Modification of neuronal ion channels by Small Ubiquitin-like Modifiers (SUMOs) has been
observed in brains of patients with Alzheimer’s Dementia (AD). However, the functional
consequences of SUMOylation of neuronal ions channels, and the role of SUMOylation in
alterations in neuronal electrophysiology observed in AD, remain largely unknown.
Neuronal hyperexcitability contributes to the cognitive defects in AD. Neuronal voltage-gated
sodium channels (Nav1.1/1.2/1.6) are integral to neuronal excitation. Moreover, β-amyloid (Aβ)
peptides, which play a causal role in AD, alter the physiological properties and/or expression of
neuronal voltage-gated sodium channels. Our prior work, which forms the basis of the parent
grant, has shown that SUMOylation of the cardiac voltage-gated sodium channel Nav1.5 alters
channel properties, leading to an increase in the inward sodium current. The functionally relevant
SUMOylation motif we have identified in Nav1.5 is highly conserved among voltage-gated sodium
channels, including neuronal voltage-gated sodium channels. This suggests that physiology of
neuronal voltage-gated sodium channels is also subject to modification via SUMOylation.
In this supplement we will investigate the role of SUMOylation in regulating the functional
properties of neuronal voltage-gated sodium channels using state-of-the-art electrophysiological
methodologies, as well as novel SUMO-modifying reagents generated in the parent grant.
Therefore, this application falls within the scope of the parent grant.

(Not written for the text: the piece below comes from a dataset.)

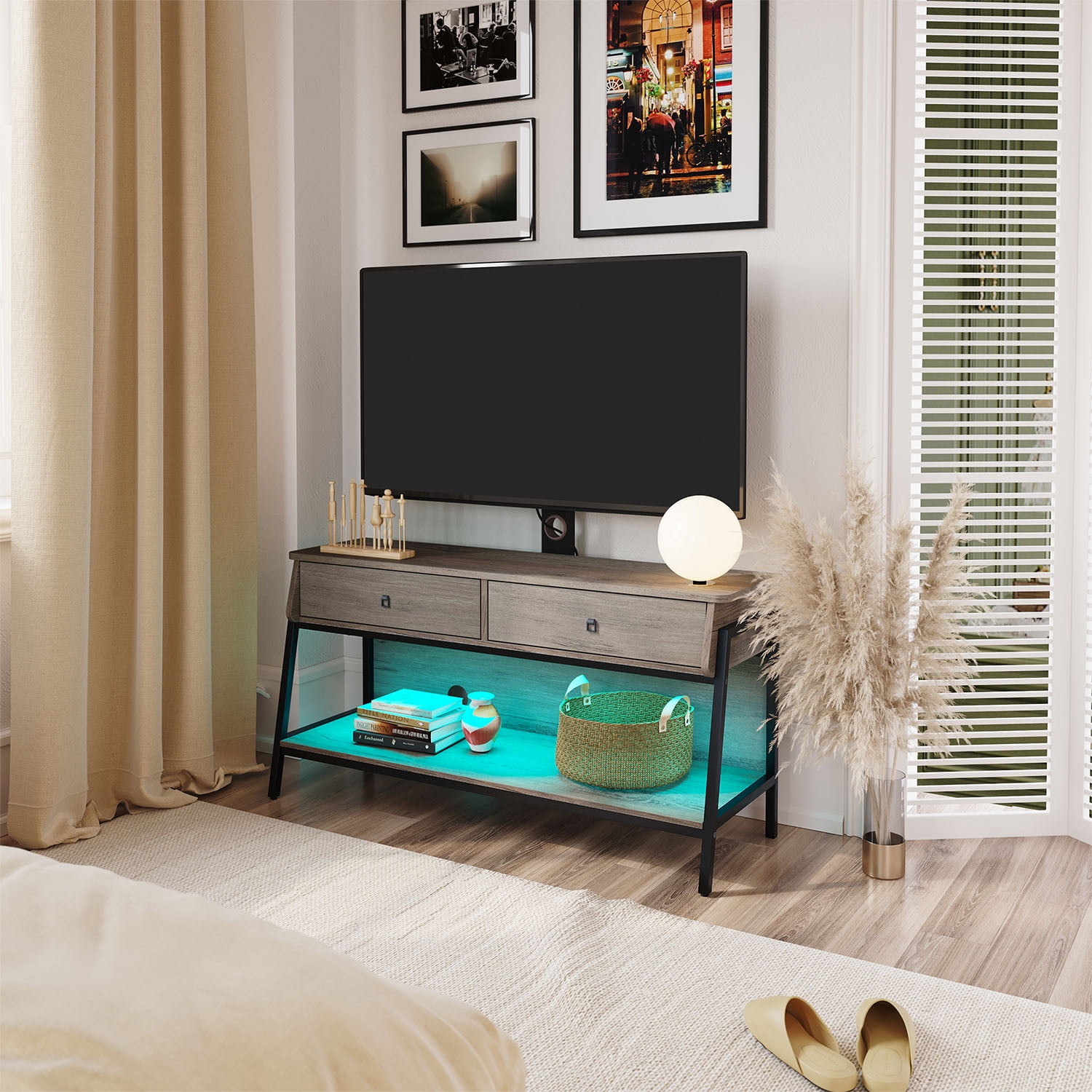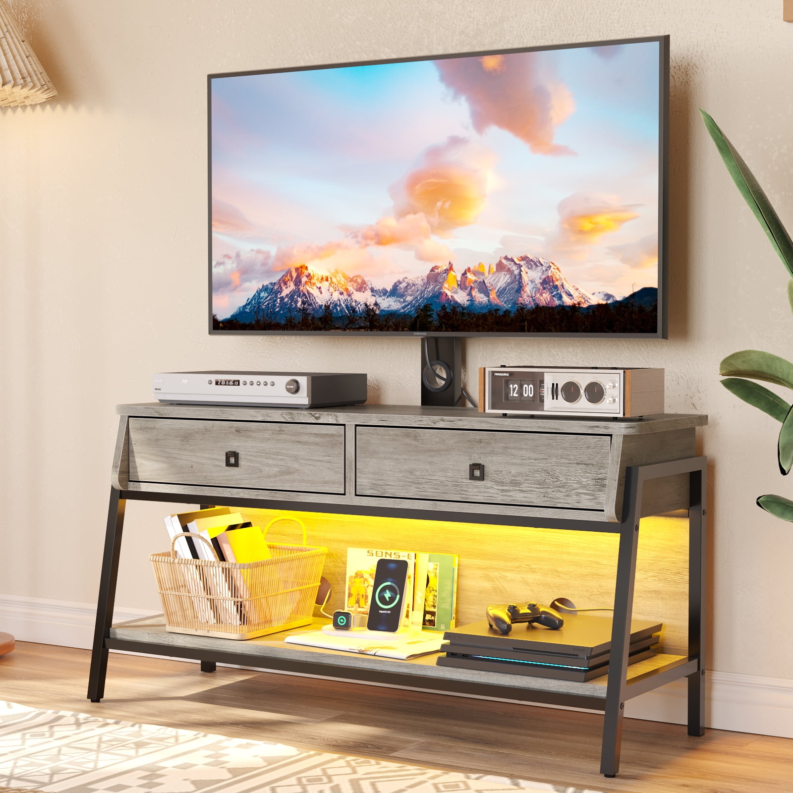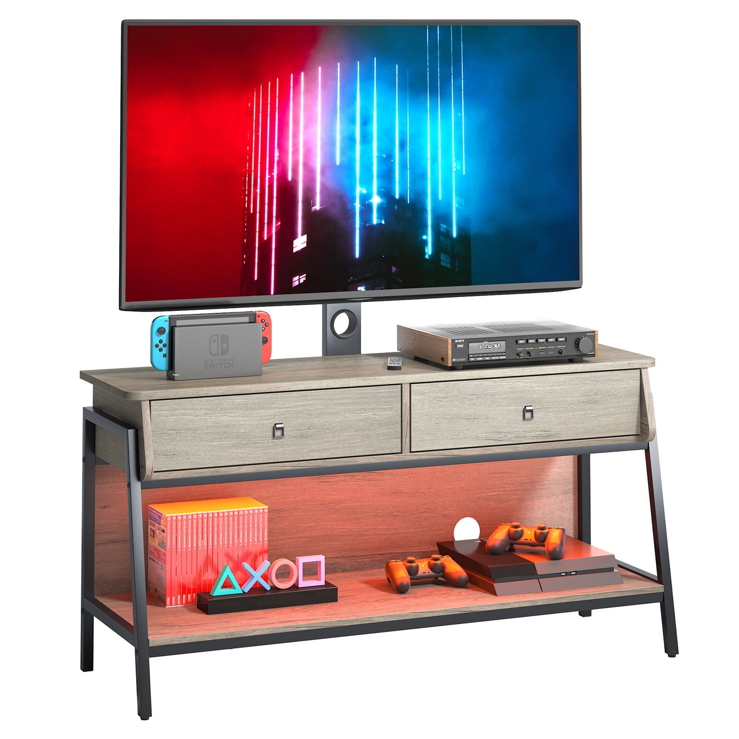 Feature Monitor Stand:With adjustable TV mounting brackets, you can mount TVs from 32 to 65 inches and weighing up to 135 lbs anywhere, and the brackets can be used in combination with cabinets, or can be disassembled and used alone as wall mounts. RGB TV Stand:Built-in LED lighting system with remote control, with 7 main colors and 22 dynamic modes to create the perfect lighting for any activity. Multi Purpose Ues:The cabinet can be used alone or as a storage cabinet. Increase the scope of use and improve utilization.The lower shelf is an open storage space with high-strength load-bearing, which can be used to place large appliances such as audio equipment.With curved corners and included anti-tip kit, it’s safe and secure for any home. Sturdy & Durable: Made of CARB certified P2 particle board, the media cabinet has greater stability and durability.sturdy trapezoidal-shaped with strong metal board frame ensures maximum durability and stability, bearing more than 100 lbs. Easy Assemble: Coming with labeled parts and illustrated instructions, it will help you put the office desk together easily. Specifications: Material: P2 Particle Board + Metal Frame Overall Dimension: 43.31″ (L) x 15.67″ (W) x 54.61″ (H) Tabletop Load Bearing: 135LBS Middle Shelf Load Bearing: 15LBS Bottom Shelf Load Bearing: 20LBS Overall Product Weight:44.42 lb Self-assembly: All fixings and tools supplied.

This supplement will also
explore whether SUMOylation can modulate neuronal excitability in the context of β-amyloid
toxicity through its impact on the post-translational landscape, surface expression, and
conductance properties of neuronal voltage-gated sodium channels.
These studies will open a new chapter in understanding how deregulation of neuronal excitability
via SUMOylation of neuronal sodium channels contributes to the pathogenesis of cognitive
impairment in AD.

## Key facts

- **NIH application ID:** 10496581
- **Project number:** 3R01HL115955-07S1
- **Recipient organization:** UNIVERSITY OF IOWA
- **Principal Investigator:** Kaikobad J. Irani
- **Activity code:** R01 (R01, R21, SBIR, etc.)
- **Funding institute:** NIH
- **Fiscal year:** 2022
- **Award amount:** $386,250
- **Award type:** 3
- **Project period:** 2013-06-15 → 2024-06-30

## Primary source

NIH RePORTER: https://reporter.nih.gov/project-details/10496581

## Citation

> US National Institutes of Health, RePORTER application 10496581, SUMOylation of Voltage-Gated Sodium Channels In Neuronal Hyperexcitability of Alzheimer’s Dementia (3R01HL115955-07S1). Retrieved via AI Analytics 2026-05-27 from https://api.ai-analytics.org/grant/nih/10496581. Licensed CC0.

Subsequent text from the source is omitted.